8. New York Department of Labor’s Employee Termination after GPS Tracking

Michael Cunningham, who was the director of staff and organization development at the New York Department of Labor (DOL), was terminated from his position based on evidence gathered by a GPS device planted by his employer. In 2008, the DOL secretly put the tracker in Cunningham’s personal vehicle to check if he was filling out his time sheets accurately. The device tracked Cunningham and his family for over a month, including during non-working hours and while they were on vacation out of state. At a hearing to decide if Cunningham’s dismissal was justified, the GPS evidence was used against him over his objections, and the hearing officer referred to the GPS data over 20 times in his decision.

In this legal case, Cunningham requested that the court declare that the DOL’s use of a GPS device was a breach of the New York Constitution and the Fourth Amendment’s protection against unjustified searches and seizures. Additionally, he sought a ruling that the GPS evidence should not have been taken into account by the hearing officer and requested for the reversal of the DOL’s decision to fire him and for his restoration to his former job.
In 2013, the New York State Court of Appeals ruled unanimously that the DOL had violated the law by placing the GPS tracking device on Cunningham’s car and monitoring his movements outside of working hours.
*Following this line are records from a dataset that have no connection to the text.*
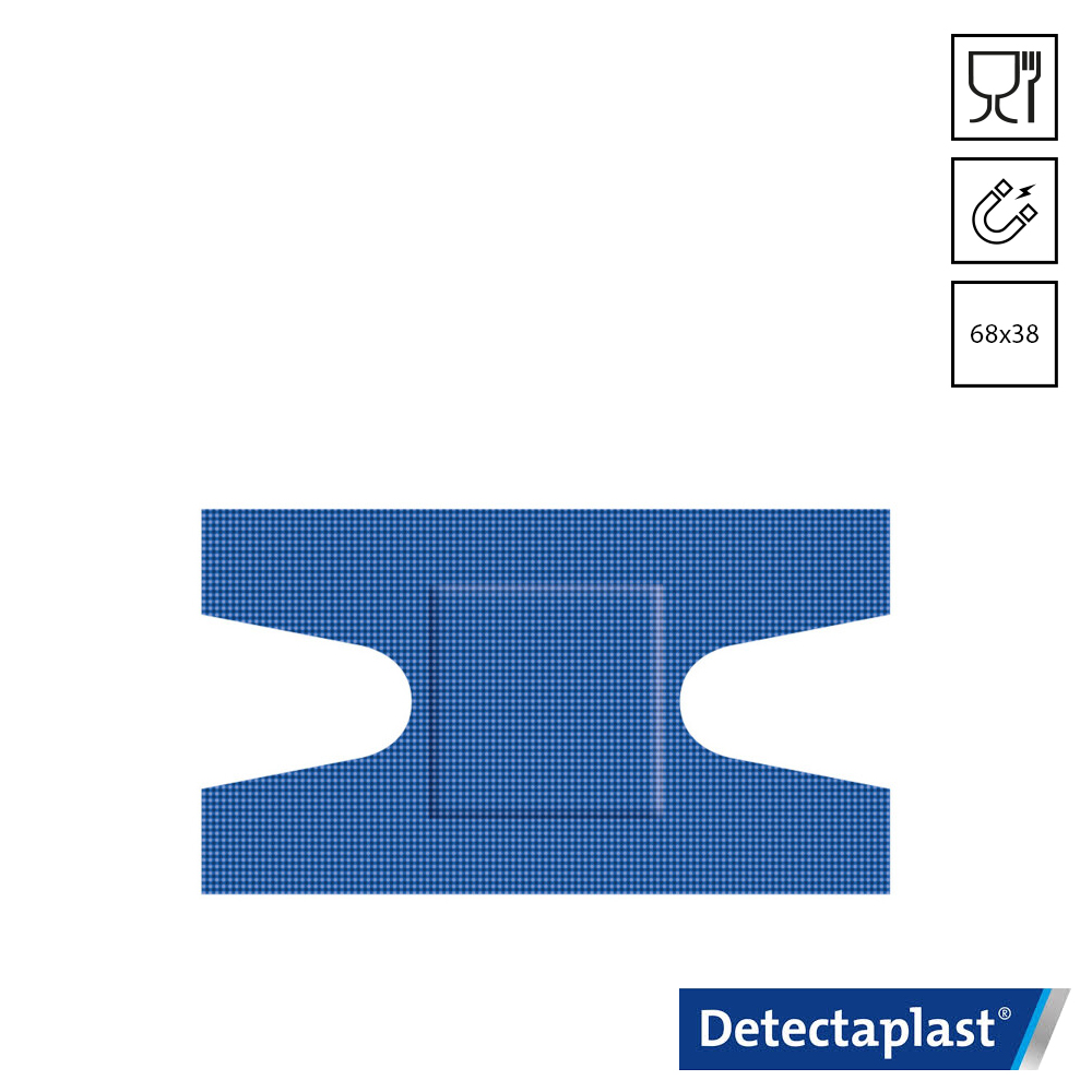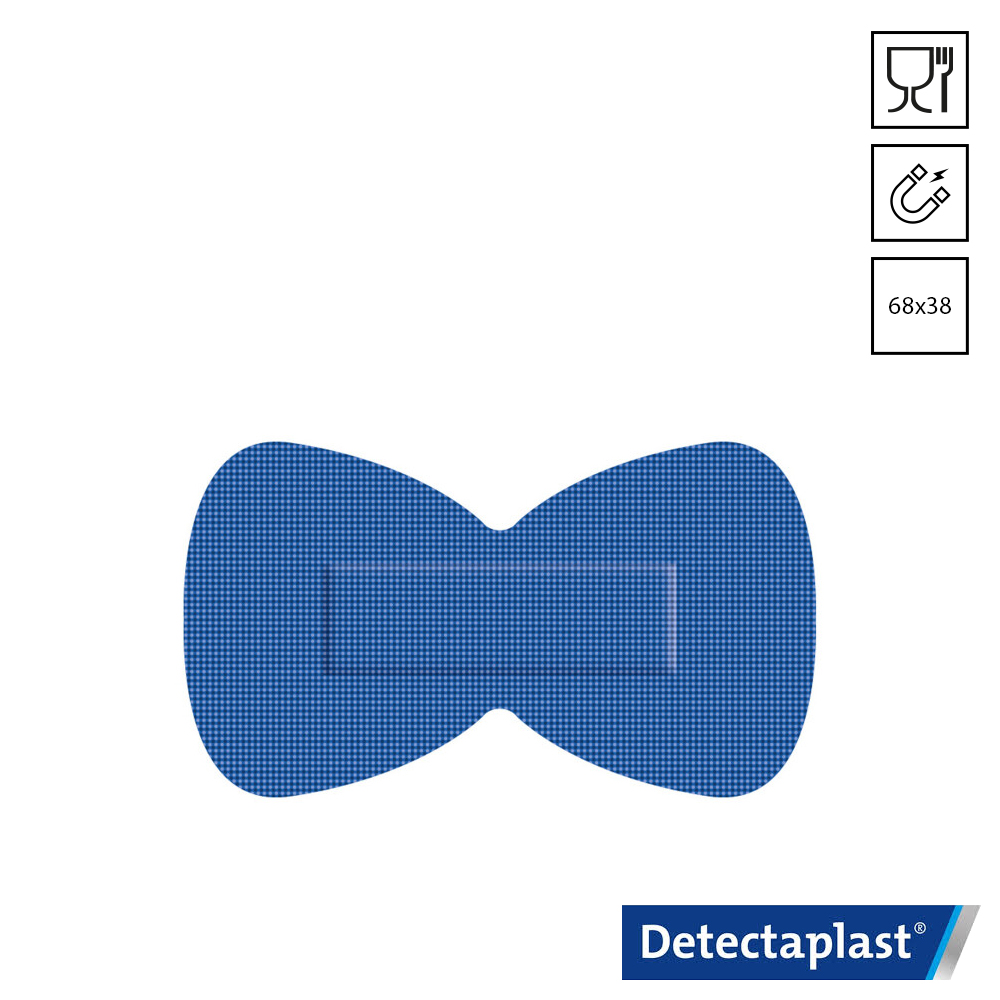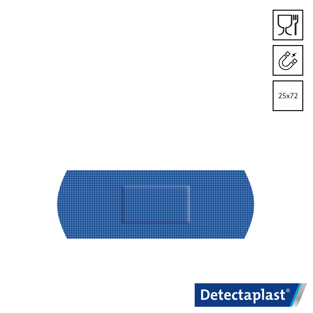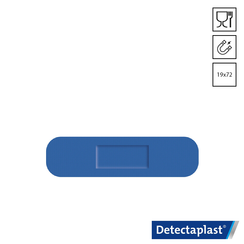 De blauwe Detectaplast Super Stretch 8142E metaal detecteerbare assorti set bevat pleisters met 4 verschillende formaten. Deze visueel-, metaal- en röntgen (X-ray) detecteerbare textielpleisters zijn ideaal voor gebruik op hygiënische locaties, zoals in de voedingsindustrie. De Detectaplast 8142E-pleisters, met aluminiumfolie onder het wondkussen, zijn voorzien van hypoallergene lijm. Ze zijn latexvrij en voldoen aan de HACCP-, IFS- en BRC-standaarden.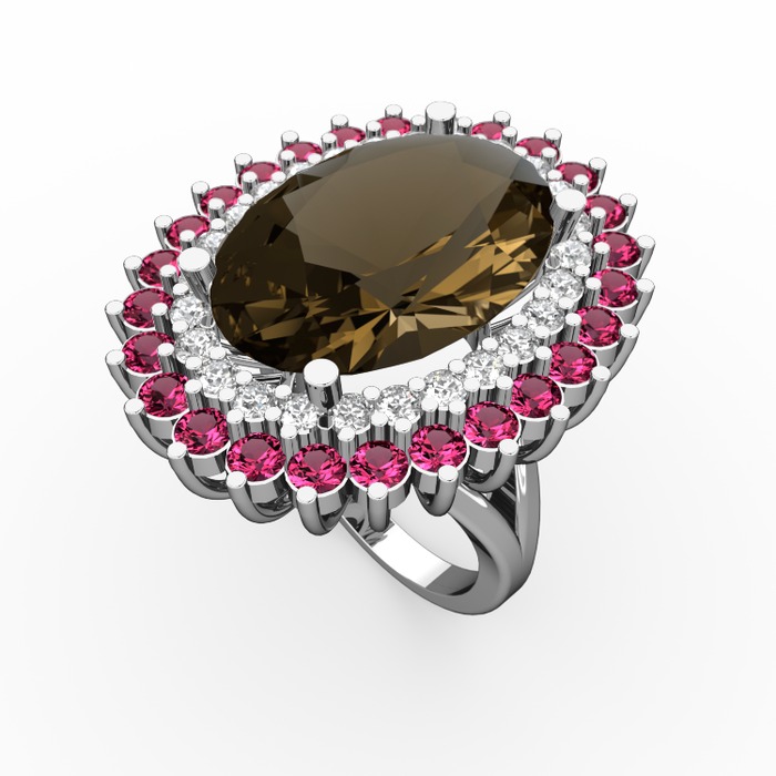 Dumanlı kuvars, pırlanta ve rodolit garnet 925 ayar gümüş yüzük (0.936 karat)
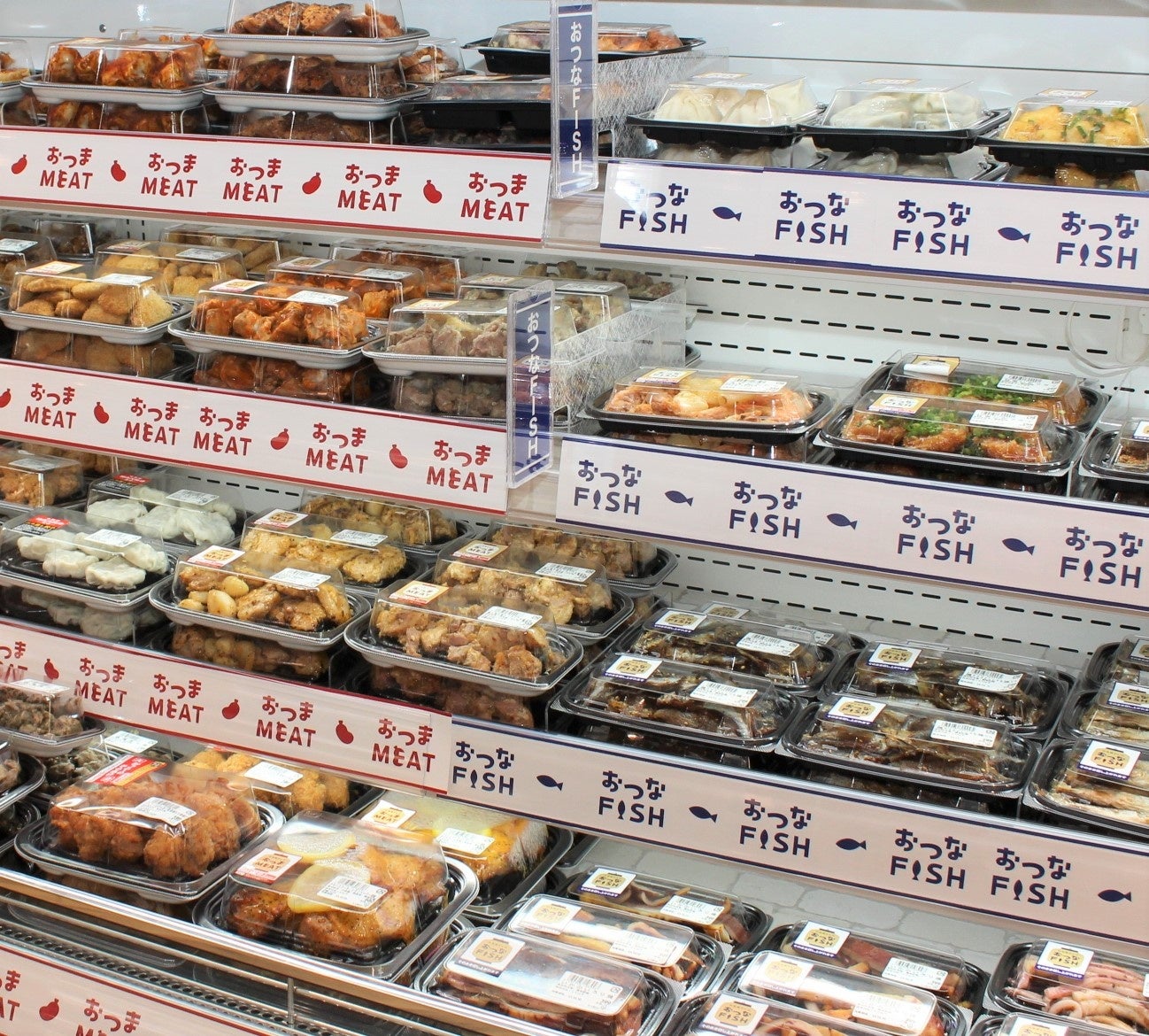 精肉では、ローストビーフ・ローストポークのほか、焼鳥や唐揚げなどの『おつまMEAT』を、鮮魚では、魚のおつまみを集めた『おつなFISH』を品揃えいたします。

The Court found that the DOL’s use of the GPS device was “excessively intrusive” and that the agency had no legitimate reason to track Cunningham’s activities during his personal time.
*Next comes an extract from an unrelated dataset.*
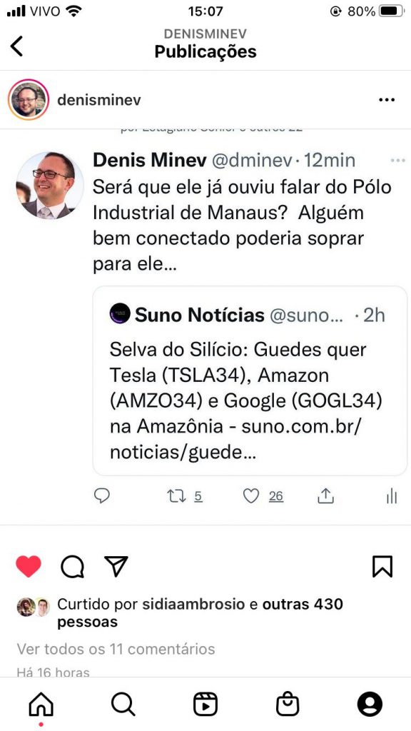 “Será que ele já ouviu falar do Polo Industrial de Manaus? Alguém bem conectado poderia soprar para ele?”, escreveu Denis Minev, no Instagram, ao compartilhar uma notícia sobre a “Selva do Silício”.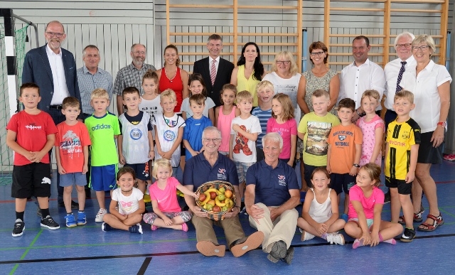 Die Verantwortlichen vom Landessportbund sowie aus Politik, Schule und Verein (hinten) stellten sich zusammen mit den Kindern sowie dem Sportkreisvorsitzenden Manfred Schmidt (sitzend l.) und seinem Stellvertreter Helmut Heisen) zum Gruppenbild. Foto: MRM

Key lessons from this case:

  1. Employers should not use GPS tracking devices to monitor employees’ activities during non-working hours without a legitimate reason.
  2. The use of GPS tracking devices should comply with state and federal laws regarding privacy, including the Fourth Amendment.
  3. Employees have the right to challenge evidence obtained through GPS tracking devices in legal proceedings and argue that their use violates their privacy rights.
  4. Employers should have clear policies regarding the use of GPS-tracking devices, and employees should be aware of the circumstances under which they may be monitored.
  5. The legality of GPS tracking is a complex issue that depends on the specific context and circumstances. While the Coca-Cola Bottling Co case finds the GPS-tracking of the employee to be reasonable and not infringe privacy expectations, this case holds an opposing verdict and finds it to be excessively intrusive with no legitimate basis.

Final thoughts

Privacy continues to be a major concern for internet users in 2023, as technology companies continue to collect vast amounts of personal data and face increasing scrutiny over how they use it.

While employers today have a whole host of cool gadgets at their fingertips to keep tabs on their employees and while these tools can certainly boost productivity and efficiency, they also bring up some serious privacy concerns. 

Employers need to be ultra-vigilant about using these tools in a way that’s legal and not too invasive. They should always ask for employees’ consent before using these tools, set up clear guidelines for how to use them, and keep employee data secure.

By striking the right balance between technology and privacy, employers can create a workplace that’s transparent, respectful, and highly productive!

Understanding the legal implications of employee time tracking is a must for mitigating the risk of lawsuits and ensuring compliance with employment laws.